Airtime: Mondays, 10 p.m., CBS

Names you’ll know: Dylan McDermott (The Practice, American Horror Story), Toni Collette (United States of Tara, Little Miss Sunshine)

Premise: After being tasked with operating on the President of the United States, Dr. Ellen Sanders (Toni Collette) and her family is taken hostage by rogue FBI Agent Duncan Carlisle (Dylan McDermott) and ordered to murder the President or have her entire family killed.

Watch if you liked: 24, The Event

Overall grade: D+

“Hostages” wants to be the new “Homeland;” a modern, serialized thriller that presents complex characters duking it out in psychological mind games with deadly consequences. Like any high concept show, it seems doomed for failure, with the direction lacking urgency and intensity. In short, “Hostages” is an absolute bore.

With talent such as Dylan McDermott (Carlisle) and Toni Collette (Sanders) and a premise that is inherently nail-biting, you’d think that “Hostages” would have no problem being a high stakes thriller. Creator Jeffrey Nachmanoff’s pilot script has the potential for a tight, tension-driven plot, but fails to develop any of the central characters and lacks the power necessary for this drama to work.

It also doesn’t help that the plot is predictable, delving into familiar character tropes from a pregnant teen to a rebellious son with blissfully unaware parents to make up a struggling-yet-relatable All-American family.
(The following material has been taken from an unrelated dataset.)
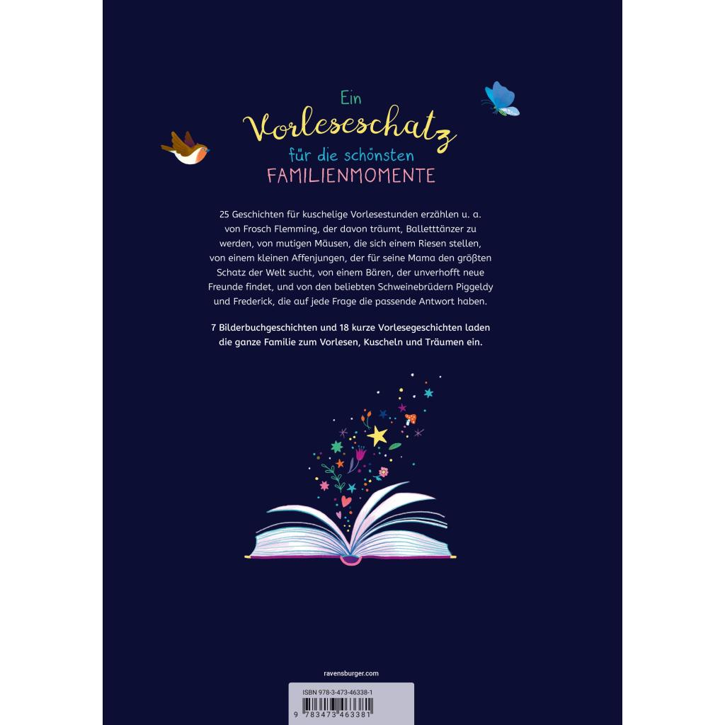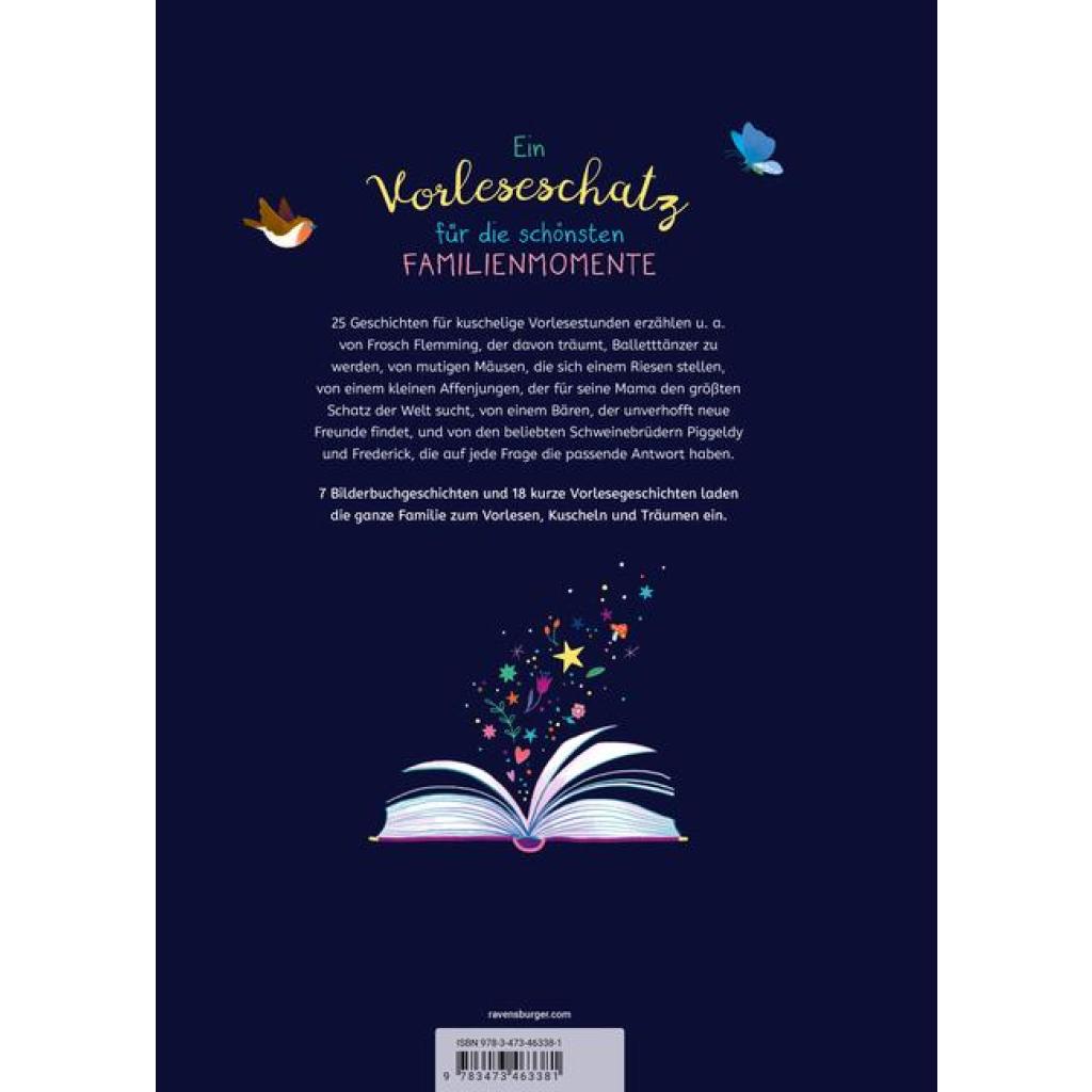Ein Vorleseschatz für kuschelige Familienmomente Ein dickes Vorlesebuch mit acht Bilderbuchgeschichten zum Immer-wieder-Vorlesen, denn in dieser Sammlung findet garantiert jedes Kind seine Lieblingsgeschichte. Die Geschichten erzählen von mutigen Tieren, einfallsreichen Kindern, von einem tanzenden Frosch, von klugen Schweinen und vom allergrößten Schatz, den man sich nur vorstellen kann. Weil Familienzeit die wichtigste Zeit ist! Der Sammelband enthält Bilderbuch- und Vorlesegeschichten von vielen bekannten Autorinnen und Autoren, die Klein und Groß mitnehmen auf eine Reise ins Land der Träume und der Fantasie. Dort treffen wir u.a. einen Frosch, der davon träumt, Balletttänzer zu werden, drei mutige Mäuse, die sich einem Riesen stellen, einen kleinen Affenjungen, der für seine Mama den größten Schatz der Welt sucht, einen Bären, der unverhofft neue Freunde findet, die beliebten Schweinebrüder Piggeldy und Frederick, die auf jede Frage die passende Antwort haben, uvm.

Collette, whose character is supposed to seem brave as she attempts to undermine the hostage takers, comes across as reckless because she wastes time distracting them, apparently forgetting every minute that her family is being held hostage at gunpoint. All this time, McDermott’s villain sits onscreen without dimension, his actions having no weight due to a lack of context and meaning.

“Hostages” could possibly improve beyond this shoddily executed pilot, but a lack of initiative in advancing the main plot and an insulting predictable final twist at the episode’s end make this series seem more like a failed, drawn-out summer blockbuster flop than a show that keeps you on the edge of your seat.